Hello everyone, this is Denzel Maxey with the Windows Performance Team. I found a tool that actively collects different data based on scenarios and streamlines the data collection process. Drumroll – introducing TSSv2 (Troubleshooting Support Script). In my job, I see a lot of High CPU cases and collecting an ETL trace using TSSv2 with Xperf aka WPR for high CPU has been fundamental in resolving issues.
I’d like to share some instructions, methods, and just insight on the tools in general that should be able to empower IT professionals resolve issues. This post will show how the TSSv2 tool can work with the Windows Performance Recorder. Tssv2 also works with several tools as it is very powerful but will focus on collecting a WPR trace using TSSv2 when regarding a case of High CPU. I can even give you a great clue as to how to collect data for Intermittent High CPU cases as well! Once you have the data, I’ll then show you how to analyze it.
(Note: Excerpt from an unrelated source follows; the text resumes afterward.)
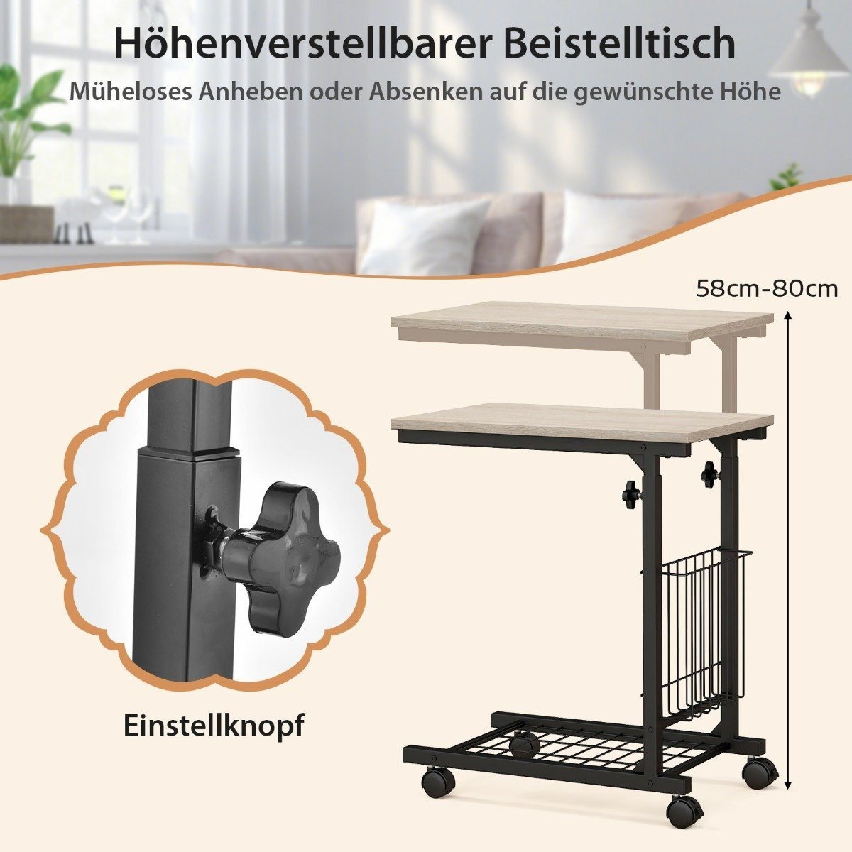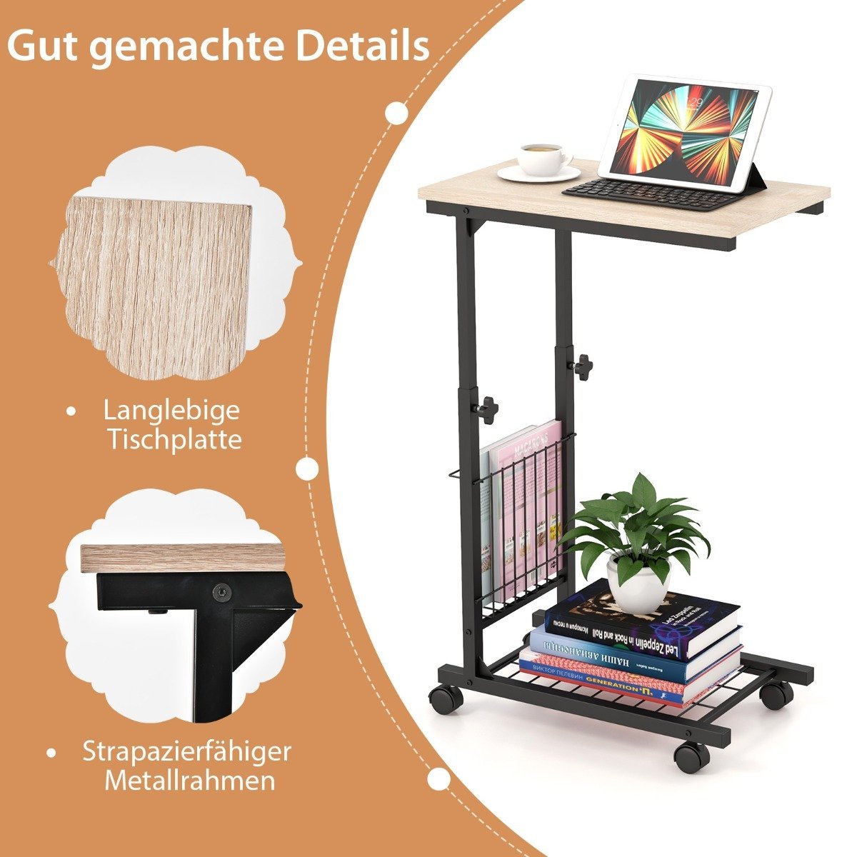 Reguliuojamo aukščio C formos staliukas su ratukais (Natūrali)

Lastly, I’ll provide some additional resources on WPA Analysis for High CPU.
Data Collection Tools:
TSSv2
TSSv2 (TroubleShootingScript Version 2) is a code signed, PowerShell based Tool and Framework for rapid flexible data collection with a goal to resolve customer support cases in the most efficient and secure way. TSSv2 offers an extensible framework for developers and engineers to incorporate their specific tracing scenarios.
WPR/Xperf
“Windows Performance Recorder (WPR) is a performance recording tool that is based on Event Tracing for Windows (ETW). The command line version is built into Windows 10 and later (Server 2016 and later). It records system and application events that you can then analyze by using Windows Performance Analyzer (WPA). You can use WPR together with Windows Performance Analyzer (WPA) to investigate particular areas of performance and to gain an overall understanding of resource consumption.”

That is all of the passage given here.